The training curve is the central evidence. DeepSeek-R1-Zero rises from 15.6% to 77.9% pass@1 on AIME 2024 during RL, and self-consistency decoding raises it to 86.7%. The paper reports that thinking time increases throughout training and that reflective behaviors, including "wait", become more common; Appendix C.2 says representative reflective words rise 5- to 7-fold.

Table 3 shows the final R1 balancing reasoning with instruction following: AIME 2024 pass@1 reaches 79.8, MATH-500 97.3, LiveCodeBench 65.9, Codeforces 96.3 percentile with rating 2029, SWE-Bench Verified 49.2, IF-Eval 83.3, AlpacaEval 2.0 87.6, and ArenaHard 92.3. The same table also shows why the staged pipeline matters: R1-Zero is strong at math but weak on instruction following, while final R1 improves general user-preference benchmarks after mixed SFT and RL.

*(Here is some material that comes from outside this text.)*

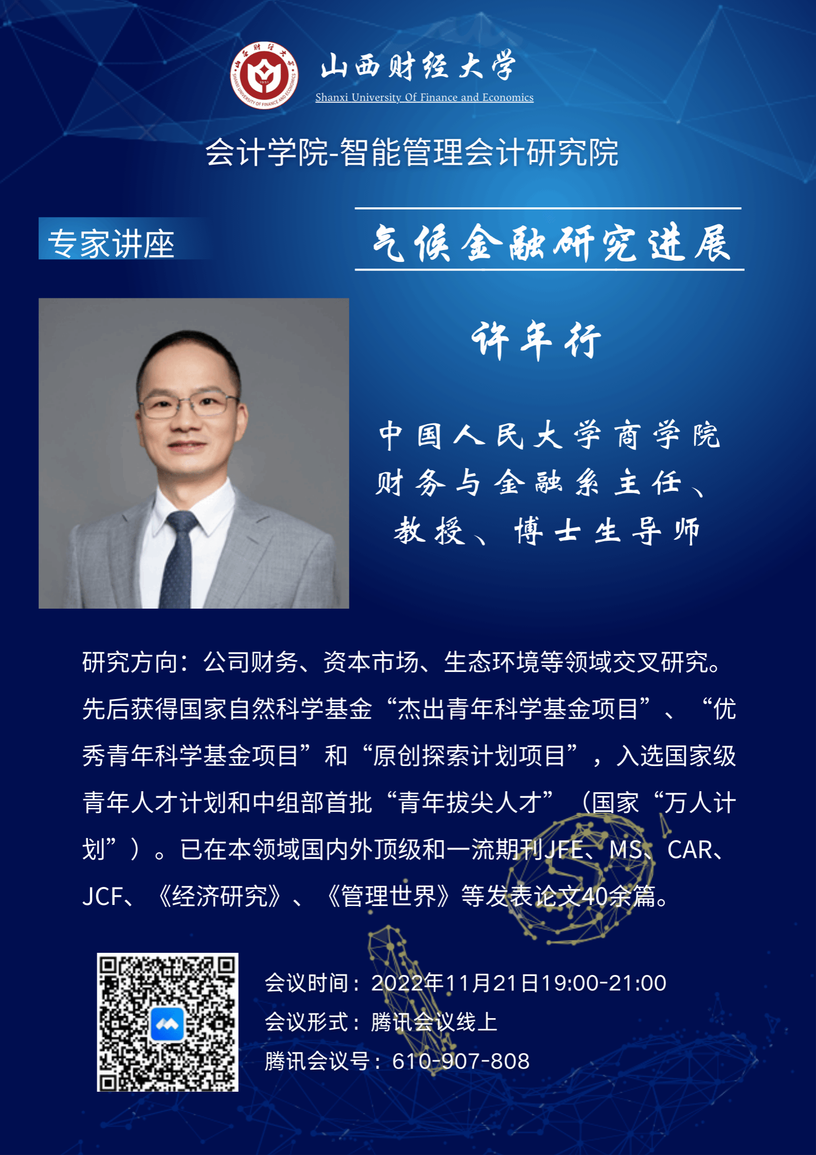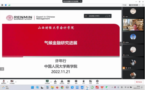 2022年11月21日晚上7:00-9:30点,304永利集团官网入口-智能管理会计研究院以线上会议的形式邀请了中国人民大学许年行教授做专题讲座。许教授的报告题目为《气候金融研究进展》。

The evaluation setup is also compute-shaped. DeepSeek-R1 outputs are capped at 32,768 tokens per benchmark. The paper decontaminates pretraining and post-training data with n-gram filtering, removes about six million potential math pretraining texts, and sources mathematical SFT/RL prompts from pre-2023 competitions.

Historical Effect

DeepSeek-R1 made long-CoT RL a public, open-weight scaling axis. Earlier inference-time reasoning methods mostly spent more decoding samples or wrapped frozen models in search. R1 showed that a pretrained MoE model could be post-trained so that the policy itself dynamically spends more tokens on hard problems and learns reflection and self-verification behavior.

Historically, the paper also made the systems cost of reasoning models visible: long outputs, verifier latency, reward design, expert-parallel rollout, model offload, and GPU-hour budgets are part of the method. GRPO became important because it matched the memory and rollout structure of H800-scale long-CoT RL better than a value-model-heavy PPO pipeline.

Limits

The paper is explicit about remaining bottlenecks. DeepSeek-R1 has weaker structured output and tool use than some existing models, and it cannot use search engines or calculators. It still overthinks simple questions, so token efficiency remains open. It is optimized mainly for Chinese and English and may mix languages elsewhere. It is sensitive to prompts, with few-shot prompting hurting performance in their evaluation. Software engineering RL is limited because evaluations take too long, so large-scale RL was not extensively applied there. Finally, pure RL depends on reliable rewards; rule-based rewards work for verifiable tasks, but model-based rewards can be hacked.